> [DATA EXCERPT]
⟨
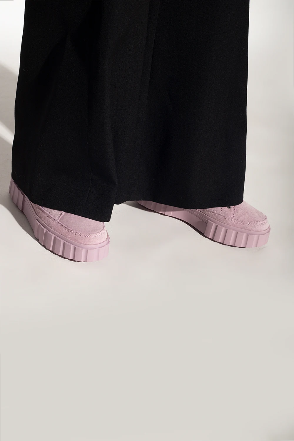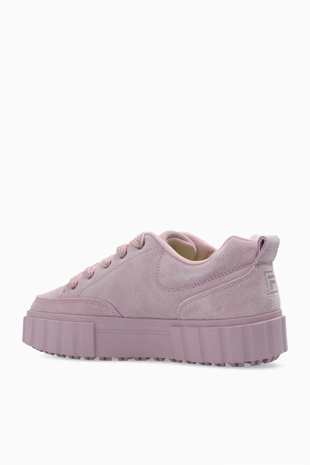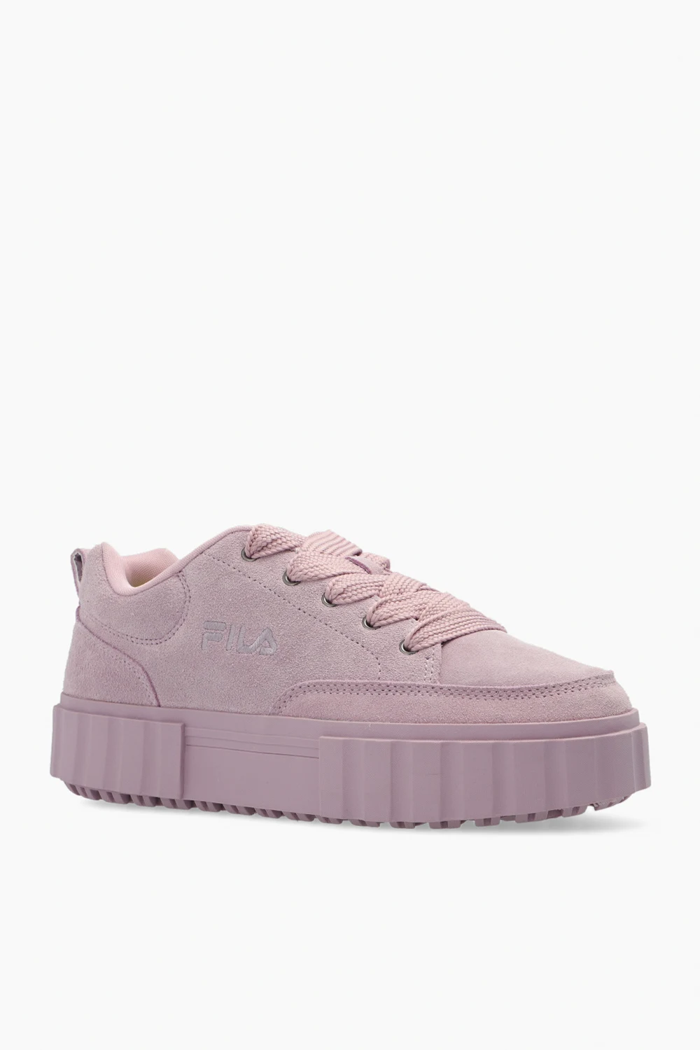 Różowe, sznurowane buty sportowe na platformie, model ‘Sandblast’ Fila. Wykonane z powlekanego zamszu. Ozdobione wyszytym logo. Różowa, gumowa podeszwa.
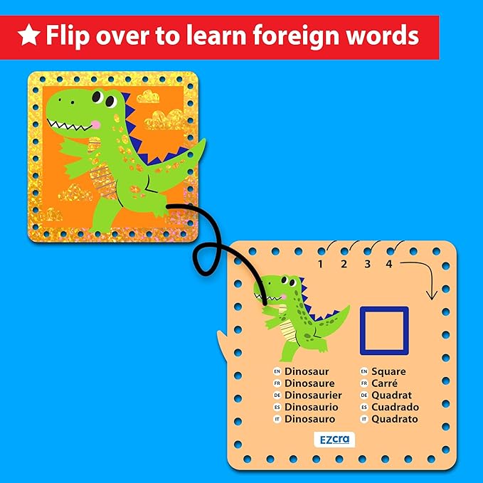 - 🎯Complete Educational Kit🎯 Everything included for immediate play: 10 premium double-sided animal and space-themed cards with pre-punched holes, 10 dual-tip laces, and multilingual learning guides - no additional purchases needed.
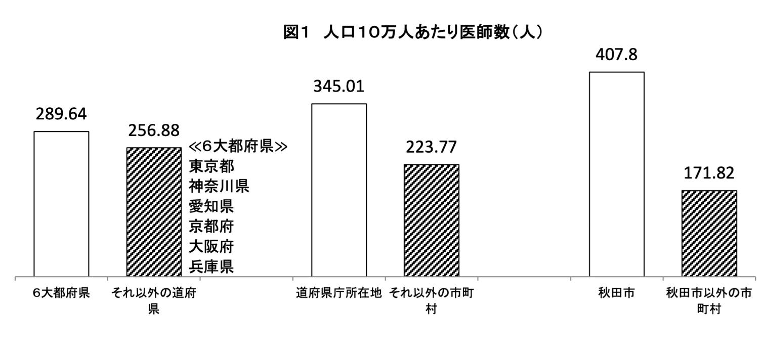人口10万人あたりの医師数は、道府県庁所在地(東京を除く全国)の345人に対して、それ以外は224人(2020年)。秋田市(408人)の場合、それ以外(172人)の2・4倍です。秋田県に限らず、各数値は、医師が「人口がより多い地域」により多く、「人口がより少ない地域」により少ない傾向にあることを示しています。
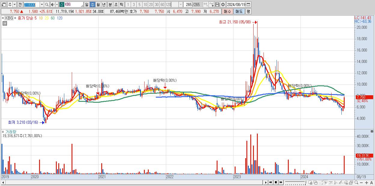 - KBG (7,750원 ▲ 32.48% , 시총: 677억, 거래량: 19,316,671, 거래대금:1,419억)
⟩
> [YOUR GOAL] The whole listing above is to be printed exactly; the pictures stay out.

> [EXERCISE ANSWER]
 Różowe, sznurowane buty sportowe na platformie, model ‘Sandblast’ Fila. Wykonane z powlekanego zamszu. Ozdobione wyszytym logo. Różowa, gumowa podeszwa.
 - 🎯Complete Educational Kit🎯 Everything included for immediate play: 10 premium double-sided animal and space-themed cards with pre-punched holes, 10 dual-tip laces, and multilingual learning guides - no additional purchases needed.
人口10万人あたりの医師数は、道府県庁所在地(東京を除く全国)の345人に対して、それ以外は224人(2020年)。秋田市(408人)の場合、それ以外(172人)の2・4倍です。秋田県に限らず、各数値は、医師が「人口がより多い地域」により多く、「人口がより少ない地域」により少ない傾向にあることを示しています。
 - KBG (7,750원 ▲ 32.48% , 시총: 677억, 거래량: 19,316,671, 거래대금:1,419억)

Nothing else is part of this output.